[Records from a data collection]
________________________

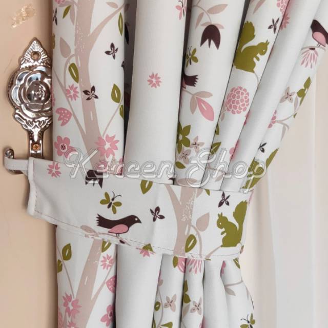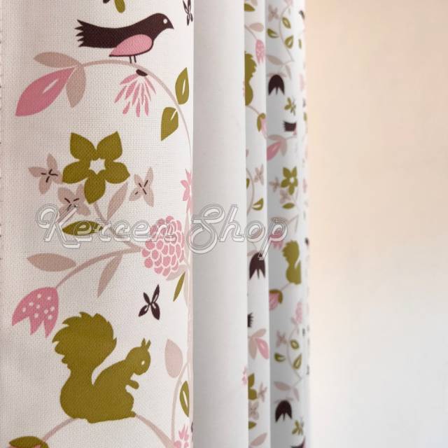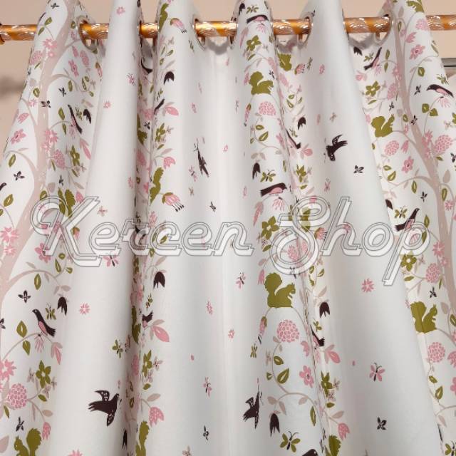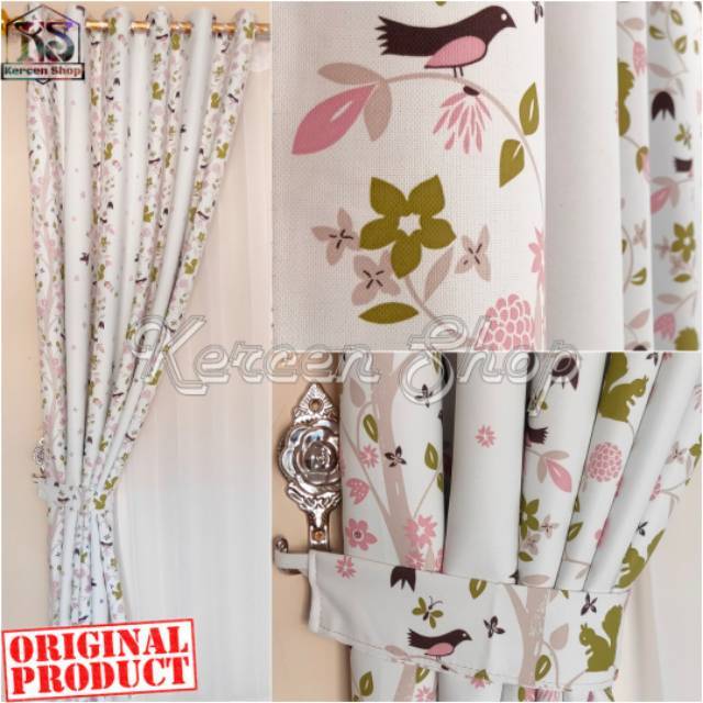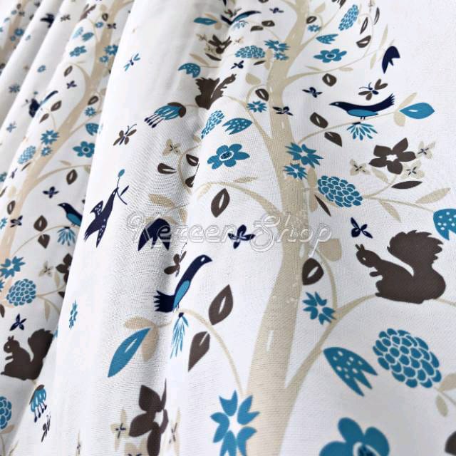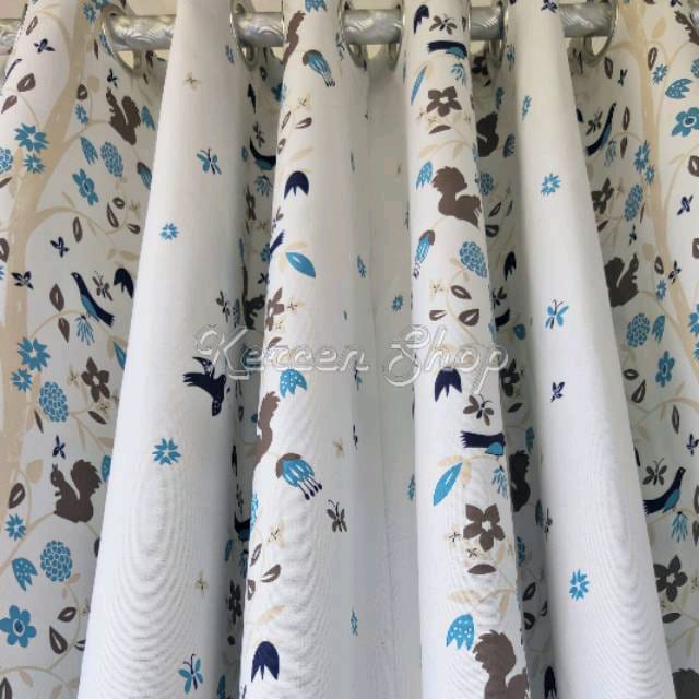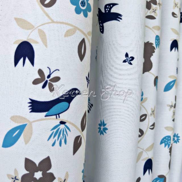 Tirai Gorden Jendela Minimalis Motif Burung Biru Bahan Bridal Ukuran BISA CUSTOME SIZE
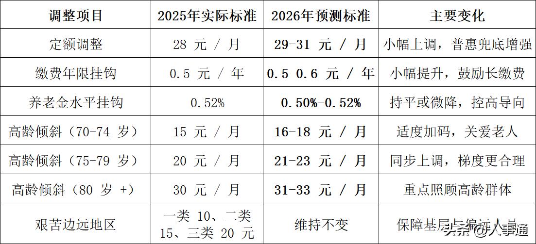 一、公布时间与补发安排结合河北近 5 年发布规律:2022-2025 年均在7 月中下旬公布细则,2025 年 7 月 28 日发布、7 月 31 日前完成补发,节奏十分稳定。综合判断:国家层面通知预计6-7 月公布;河北本地方案大概率7 月下旬发布;2026 年 1 月 1 日起执行新标准,7 月底前完成 1-7 月差额补发,8 月起按新待遇正常发放; 整体涨幅预计在1.5%-2%温和区间,延续稳中有调思路。
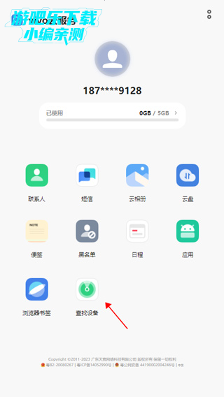 5、如果你丢失设备后,您可以访问vivo云服务网站: cloud.vivo.com对设备进行定位、锁定屏幕、数据备份或者清除设备数据等操作。
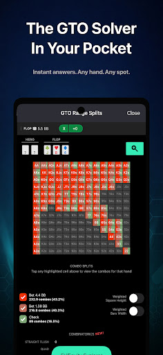 您的个人GTO翻牌后查找助手和扑克引擎AI解算器就在口袋里。无需进行复杂的树形构建,然后再购买肮脏的超级计算机即可运行翻牌后解决方案。我们做了所有的努力,并通过在您的手机上单击几下使您可以使用它。只需选择一个位置,输入您的底牌,板子和瞧!您可以看到所有可能的转弯和河流的GTO线,并具有确切的频率和EV。<br><br>Poker Solver +结合了翻牌前范围和翻牌后解决方案,为您提供最直观,最全面的端到端解决方案。从字面上看,访问您的解决方案需要几秒钟。解决了不同堆栈大小的最多6个现金和MTT的问题,可以随时使用。现在不要错过!<br><br>包括但不限于的某些功能包括<br>-所有翻牌前位置的直观范围查看器<br>-能够输入任何翻牌,任何转牌和任何河牌<br>-可以输入不同的行以查看GTO频率如何变化<br>-查看确切的频率和电动汽车<br><br>总是有更多的斑点和问题解决。现在下载。请注意,这不是RTA,因此不应在桌上为扑克决策提供实时帮助。因为使用RTA(实时协助)工具违反了许多扑克网站的服务条款。
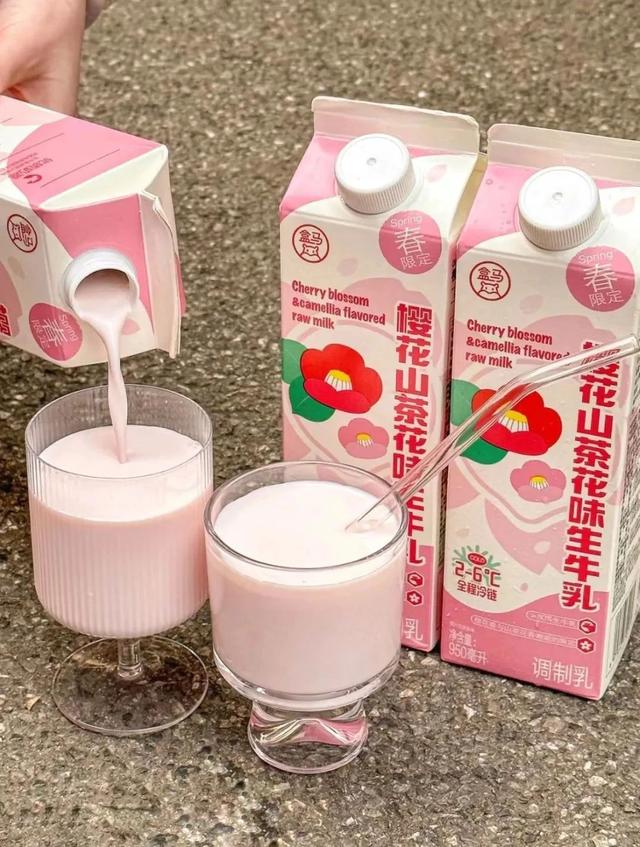 盒馬的生牛乳系列一向是人氣產品,櫻花山茶花生牛乳光聽名字就覺得很春天,櫻花和山茶花融合在牛奶里,清香但不甜膩,兑入咖啡液更是一款絕佳飲品。

________________________

Work instructions
A verbatim copy of the data, free of pictures, is the expected answer.

Written answer
 Tirai Gorden Jendela Minimalis Motif Burung Biru Bahan Bridal Ukuran BISA CUSTOME SIZE
 一、公布时间与补发安排结合河北近 5 年发布规律:2022-2025 年均在7 月中下旬公布细则,2025 年 7 月 28 日发布、7 月 31 日前完成补发,节奏十分稳定。综合判断:国家层面通知预计6-7 月公布;河北本地方案大概率7 月下旬发布;2026 年 1 月 1 日起执行新标准,7 月底前完成 1-7 月差额补发,8 月起按新待遇正常发放; 整体涨幅预计在1.5%-2%温和区间,延续稳中有调思路。
 5、如果你丢失设备后,您可以访问vivo云服务网站: cloud.vivo.com对设备进行定位、锁定屏幕、数据备份或者清除设备数据等操作。
 您的个人GTO翻牌后查找助手和扑克引擎AI解算器就在口袋里。无需进行复杂的树形构建,然后再购买肮脏的超级计算机即可运行翻牌后解决方案。我们做了所有的努力,并通过在您的手机上单击几下使您可以使用它。只需选择一个位置,输入您的底牌,板子和瞧!您可以看到所有可能的转弯和河流的GTO线,并具有确切的频率和EV。<br><br>Poker Solver +结合了翻牌前范围和翻牌后解决方案,为您提供最直观,最全面的端到端解决方案。从字面上看,访问您的解决方案需要几秒钟。解决了不同堆栈大小的最多6个现金和MTT的问题,可以随时使用。现在不要错过!<br><br>包括但不限于的某些功能包括<br>-所有翻牌前位置的直观范围查看器<br>-能够输入任何翻牌,任何转牌和任何河牌<br>-可以输入不同的行以查看GTO频率如何变化<br>-查看确切的频率和电动汽车<br><br>总是有更多的斑点和问题解决。现在下载。请注意,这不是RTA,因此不应在桌上为扑克决策提供实时帮助。因为使用RTA(实时协助)工具违反了许多扑克网站的服务条款。
 盒馬的生牛乳系列一向是人氣產品,櫻花山茶花生牛乳光聽名字就覺得很春天,櫻花和山茶花融合在牛奶里,清香但不甜膩,兑入咖啡液更是一款絕佳飲品。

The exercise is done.